What about locally led improvement initiatives?
Complex, mixed-methods approaches of this kind, combining experimental approaches, process evaluation and health economics, are now common, and are increasingly seen as the best way to evaluate complex interventions before they are rolled out nationally. While this is welcome, exhortations to do evaluation, and do it well, can be daunting. Much improvement work is led locally, by small teams with tight resources and limited access to evaluation expertise. Thorough process evaluation, let alone a fully fledged RCT, may be well beyond the capacity of such teams. But the improvement work they do can make an important contribution to the quality of care provided in the health service—and as such, it deserves evaluation, so that other people in the system can learn from it, replicate it, and adapt it elsewhere.
There is plenty of scope to produce useful knowledge from well executed studies that don’t follow the RCT model, drawing on approaches such as before-and-after studies and interrupted time-series analyses. There’s also scope to adapt the principles of process evaluation to small-scale improvement work. But there is limited agreement on what ‘good enough’ looks like in these situations: for example, what should always be included, and what is nice-to-have but not essential. Clifford Ko’s PhD research, currently in progress at THIS Institute, seeks to address this problem, with a view to developing guidance that can help to guide rigorous, useful evaluation for improvers in all settings.

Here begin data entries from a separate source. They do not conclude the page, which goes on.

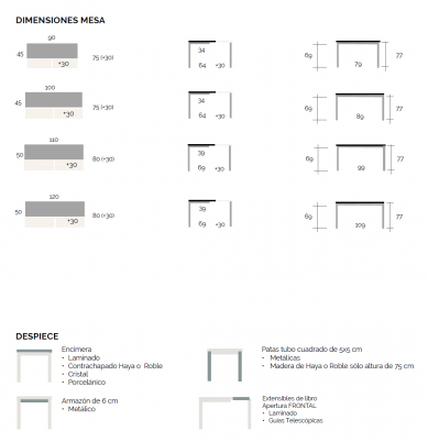 Mesa Extensible Encimera lamindado. Mesinor
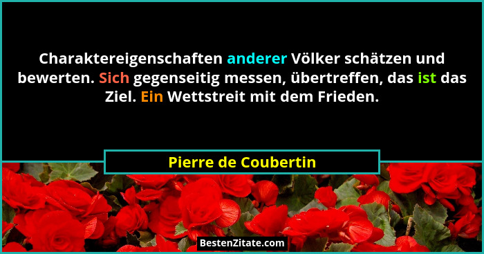 Charaktereigenschaften anderer Völker schätzen und bewerten. Sich gegenseitig messen, übertreffen, das ist das Ziel. Ein Wettstreit mit dem Frieden.
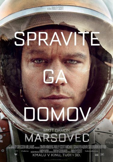 Film Marsovec (The Martian) v slovenske kino dvorane prihaja 1.10.2015. Posdka misije na MARS je prepričana, da je eden izmed njihovih astronavtov, Mark Watney (Matt Damon), podlegel hudi nevihti, zato ga pusti na rdečem planetu in se brez njega vrne na Zemljo. Pa vendar Watney preživi in tako ostane sam na neusmiljenem planetu 225.308.160 kilometrov proč.
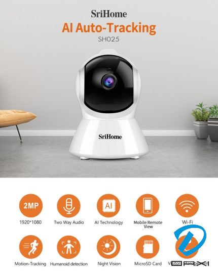 სამეთვალყურეო კამერა, SriHome SH025, 3MP, WiFi, 3.6mm, White, Indoor
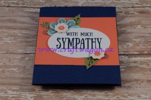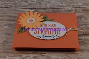 Cut a piece of scrap Calypso Coral 1-1/2″ x 4-1/4″ and flag both ends, attach to the center of the card
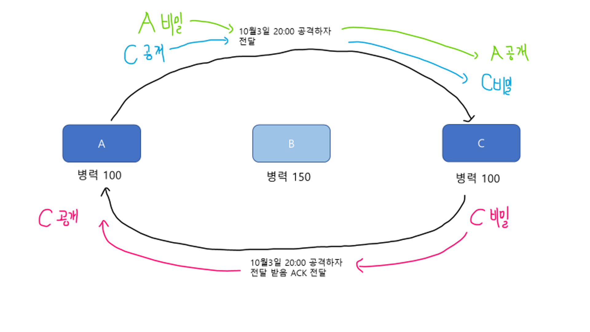 - 파란색 선은 B가 A의 정보를 탈취한 후, 다른 시간으로 바꿔서, B에게 전달 하고, B는 잘못된 정보인지 모르고 ACK를 날려 서로 다른 시간에 공격을 해서 패배하게 된다.

In seeking to evaluate improvement interventions, then, it is vital not to allow the perfect to be the enemy of the good. Large multi-centre trials, with accompanying process and economic evaluations, have an important place in health services research—and in improvement research, especially when seeking to scale up successful approaches to broader settings. But ensuring that the effort put into improvement at a local level is matched by proportionate efforts to evaluate it is also a crucial way of identifying what works, learning from experience, and ensuring that time invested in improvement bears fruit for patients, carers and staff.